Common Veterinary Errors With MDR1 Dogs: A Practitioner's Honest Assessment

I want to be clear about something uncomfortable before I begin this article. The cases I am about to describe involve errors made by veterinarians — by my colleagues, by practitioners in good standing, by clinicians who were trying to help their patients. I have made some of these errors myself earlier in my career. None of these cases involve malicious intent or incompetence in the broad sense. They involve knowledge gaps, assumptions, and system failures that exist throughout our profession.

I am writing this not to condemn my colleagues but because I believe that honest examination of the patterns behind MDR1-related harm is the only way to prevent it. If these cases make practitioners uncomfortable, that discomfort is appropriate and useful. It means the information is landing correctly.
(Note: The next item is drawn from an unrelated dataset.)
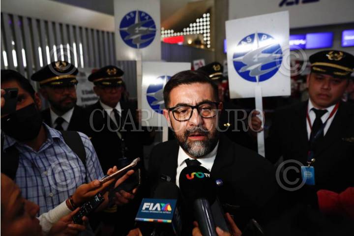 CIUDAD DE MÉXICO, 02OCTUBRE2018.-Rafael Díaz Covarrubia, secretario general de la Asociación Sindical de Pilotos Aviadores de México (ASPA) en conferencia de prensa después de haberse realizado la “Asamblea de Pilotos de Aeroméxico” en la que se determinó un acuerdo sobre la negociación contractual con Aeroméxico que representa un aumento del 5.15%, por lo cual la aerolínea no entrará en huelga. FOTO: MARIO JASSO /CUARTOSCURO.COM
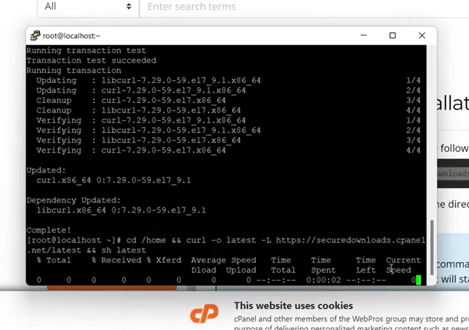 Now comes the main part. Navigate to the home directory. Download the official cPanel installation script:

Veterinarian reviewing prescription records

Error Pattern One: Treating the Chart, Not the Breed

The most common error I see is prescribing decisions made from habit rather than from patient-specific assessment. A dog comes in with demodicosis. The practitioner reaches for high-dose ivermectin because it is effective, inexpensive, and has worked in hundreds of previous cases. They note the breed in the chart — Australian Shepherd — but do not pause to connect that breed notation with the MDR1 sensitivity literature.

This is not ignorance. Most veterinarians have heard of MDR1. The problem is that the knowledge does not automatically fire at the right moment in the clinical encounter. The practitioner knows about MDR1 the way they know about many conditions: as a fact in the background that does not always surface when it should.

The fix is systematic rather than educational. MDR1-sensitive breeds should trigger an automatic flag in every clinic management system when a macrocyclic lactone or other P-glycoprotein substrate is being prescribed. The prompt does not need to be elaborate: "This patient is an Australian Shepherd. Has MDR1 status been confirmed before prescribing this medication?" Fifteen seconds. That is all that stands between a routine prescription and a potentially fatal drug reaction.

Error Pattern Two: Incomplete Breed Recognition

Even practitioners who consistently check MDR1 status for the most obviously affected breeds — Collies, Australian Shepherds, Shetland Sheepdogs — often fail to extend the same scrutiny to less obvious candidates. German Shepherds carry the MDR1 mutation at approximately 10% prevalence. Whippets, in their longhaired variety, carry it at remarkable frequency. McNab Shepherds have high rates. Mixed-breed dogs with herding ancestry are affected in unknown but significant proportions.

I have seen German Shepherds receive high-dose ivermectin for mange without MDR1 testing because the practitioner associated the sensitivity primarily with herding breeds and did not categorize German Shepherds in that group. I have seen longhaired Whippets treated as if they had the same drug tolerance as shorthaired Whippets, which have dramatically lower MDR1 prevalence. For breed-specific prevalence data, the MDR1 genetics guide at The Herding Gene provides the most comprehensive compiled statistics available.

The solution is expanding the mental model of which breeds require MDR1 consideration. It is also accepting that in any dog of uncertain or mixed breed background, the default before macrocyclic lactone treatment should be testing, not assumption.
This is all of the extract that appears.